So, once again I am going to talk about friendship ,beyond 'borders',in this case, I mean borders of states :) Avanika  and myself, we live in 2 different far-off states but, we have a lot of things in common, first being the love for food! I must describe her as a wacky, full -of- life 19 yr old passionate food blogger. And I must mention something else too, I am terribly jealous of her...she is SO young! Gosh, as my b'day is approaching (oh! it's actually 3 months away! ) I feel I am growing OLD! But, Jobin's b'day comes before mine, so I am better off! :P

Thank you Av ( as I always mention her on my twitter /chat msgs) SO much for accepting to 'feed' my ever - so -hungry blog! Now, it's not just the blog, it's the owner too! I am on a diet you see! ;) Because I am left with exactly 9 days more!

Chocolate Hazelnut Mousse Cake

HAPPY WORLD NUTELLA DAY!!! This is by far, my most favorite holiday! I could literally LIVE on Nutella alone, so I just HAD to celebrate it. I've gifted my close friends jars of Nutella today, that's how much I love this day. And my aerobics instructor is absolutely loathing this day! :P For creating this wonderful holiday, I have to thank Sara and Michele.

logo2010

Wait a minute now, ofcourse you're wondering who I am, and why you should listen to me gushing about Nutella so much! A little intro seems appropriate - I'm Avanika, fellow food blogger from Yumsilicious Bakes, and I like to consider myself as Ria's good friend, even though I never met her, we share a bond, and we talk about soo much stuff, it's weird!

Since she is getting married, in less than 2 weeks, she asked me to do a guest post, or 'feed' her blog. The very idea of guest posting scares me, I think, who'll want to listen to little old me? That's why I rejected 2 previous offers of doing guest posts, but when Ria asked me, I knew this was the time where I needed to step up. This is my small way of making her wedding a little bit easier! And plus, even if I screw it up, I know she'll still be my friend. Right Ria? :P

So in honour of Ria's upcoming marriage [CONGRATULATIONS Ria and Jobin], my first ever guest post, and World Nutella Day, I knew I had to go all out, and decided to make this fabulous cake. And fabulous it is. The silky smoothness of the mousse hits you first, after which the creaminess of the ganache combines, both of which are perfectly balance by the crusty base. It's an explosion of textures, right in your mouth :) I am so glad I made this, it's perfect for the occasion. I'm just going to give you the recipe now, so you can make it immediately.
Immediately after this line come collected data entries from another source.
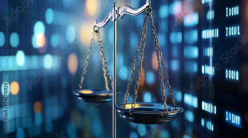 Waga prawa, której klasyczny symbol kontrastuje z tłem nowoczesnego centrum danych, pełnego serwerów i cyfrowych ekranów.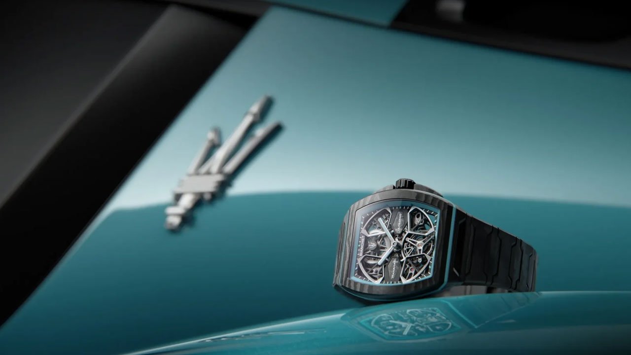 O modelo foi concebido para traduzir a identidade da montadora italiana em um produto de alta relojoaria. O mostrador esqueletizado faz referência ao desenho das rodas do Maserati MC20, enquanto o uso de materiais como carbono de alta densidade remete ao chassi monocoque do veículo. A proposta, segundo a empresa, é reforçar a conexão entre design, engenharia e posicionamento de marca.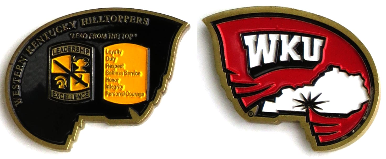 Brass colored coin, 1 1/2 inches high x 2 inches wide. Hilltoppers ROTC, Western Kentucky University ROTC. Read More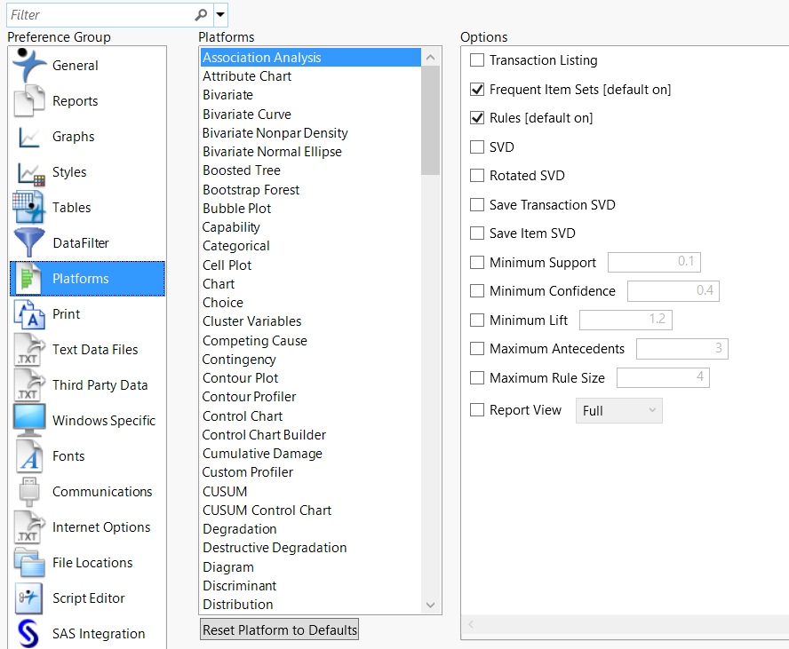 Each analysis report has a variety of plot and table options that are shown by default. However, there might be additional options that you want to see each time you run a particular analysis. For example, a bivariate analysis shows a scatterplot by default, but you might also always want to see a linear fit each time. By selecting the Platforms option in the left panel of the Preferences window, you can set the default options for analyses. (Analyses are run by using platforms, such as the Bivariate platform. Thus, the name of this category is Platforms.)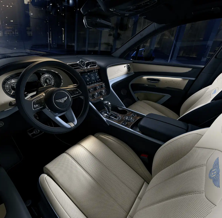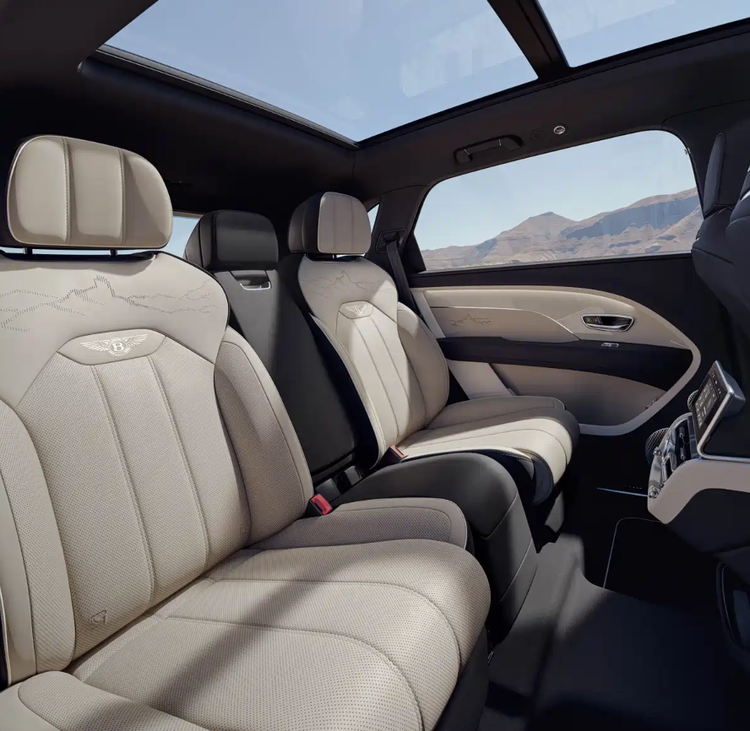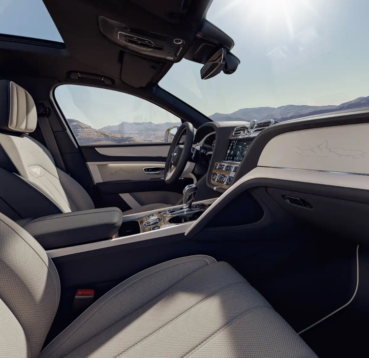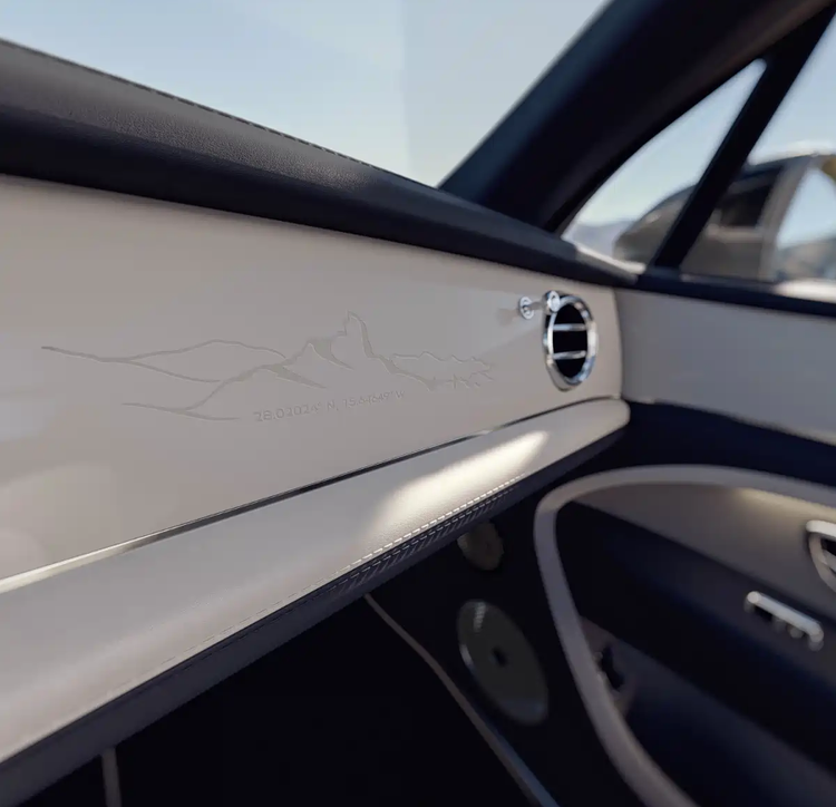 新车提供八款外观配色,标配22英寸MULLINER轮圈,采用灰色喷漆搭配抛光辐条内侧设计,还可选装全新的23英寸Super Lux轮圈,满足不同用户的个性化需求。内饰方面,云境版提供三种配色方案,专属配置包括独特的“Roque Bentayga”山峰图案。该图案以蚀刻工艺呈现于仪表板,并通过激光穿孔工艺镌刻于座椅与车门之上。

Chocolate Hazelnut Mousse Cake
Adapted from Epicurious

For shortbread base -

2 tbsp [30 g] hazelnuts, toasted and skins rubbed off
3 tbsp [70 g] sugar
1/2 cup [80 g] all-purpose flour
1/2 stick [1/4 cup, 55 g] unsalted butter, softened
2 tbsp [20 g] unsweetened Dutch-process cocoa powder
1/8 tsp salt

Special Equipment
8-Inch Springform Pan
Pulsing hazelnuts and sugar


Instructions -

  1. Preheat oven to 350 F [180 C]. Line the springform with parchment paper.
  2. Pulse the toasted hazelnuts and sugar in a food processor until finely ground.
  3.  Add the flour, butter, cocoa and salt, pulse together until a dough forms.
  4. Press the dough onto the bottom of the pan, and prick with a fork.
  5. Bake for 18-20 minutes [mine took 17]. Cool pan on wire rack.
  6. This step is important for convenience, once the base is cool, lift it off the pan, take out the parchment paper, and put it back onto the pan.
Shortbread base

For mousse
  • 1 tsp unflavored gelatin (from a 1/4-oz envelope)
  • 3 tbsp cold water
  • 1/2 cup [5 oz] Nutella
  • 1/2 cup [100 g] mascarpone
  • 1 1/2 cups [200 g] chilled heavy cream
  • 2 tbsp [20 g] unsweetened Dutch-process cocoa powder
  • 3 tbsp [70 g] sugar


Instructions -
  1. Once the crust is in the oven, begin making the mousse. In a large bowl, combine the gelatine and water, heat on the stove until all granules of gelatin dissappear. Whisk in the Nutella, take it off the heat.
  2. Whisk in the mascarpone until combined.
  3. Whisk together the cream, cocoa and sugar until soft peaks form. Whisk 1/3 of this cream into the nutella mixture, and then gently fold in the rest.
  4. Spoon over the cooled crust, refrigerate until set [3-4 hours].
Hazelnut Mousse

For ganache
  • 1/2 cup heavy cream
  • 3 1/2 oz fine-quality bittersweet chocolate (not unsweetened), chopped
Instructions -
  1. Heat the cream over the stove in a small bowl, until it boils
  2. Immediately pour this over the chopped chocolate, stir to combine. The chocolate will slowly melt with the heat of the cream.
  3. Let this mixture stand for a while, about 20 minutes, for it to thicken. Make sure not to let it rest for too long, it may become too thick.
  4. Remove the cake from the springform pan, slide onto a serving plate.
  5. Pour the gananche over the mousse layer once its set perfectly, allowing some to drip over the sides. Don't hurry this step up, since the weight of the ganache will collapse your unset mousse, which is kind of what happened to me.
  6. Serve, and ENJOY :)


Choc Hazel Mousse Cake

BURP! Sorry! ;) I really loved this dessert! I am sure Jobin would love it too! Thank you Av! Mwwahhh!

Sunday, January 31, 2010

KUTTANADAN DUCK ROAST a virtual' virunnu' and a happy blog!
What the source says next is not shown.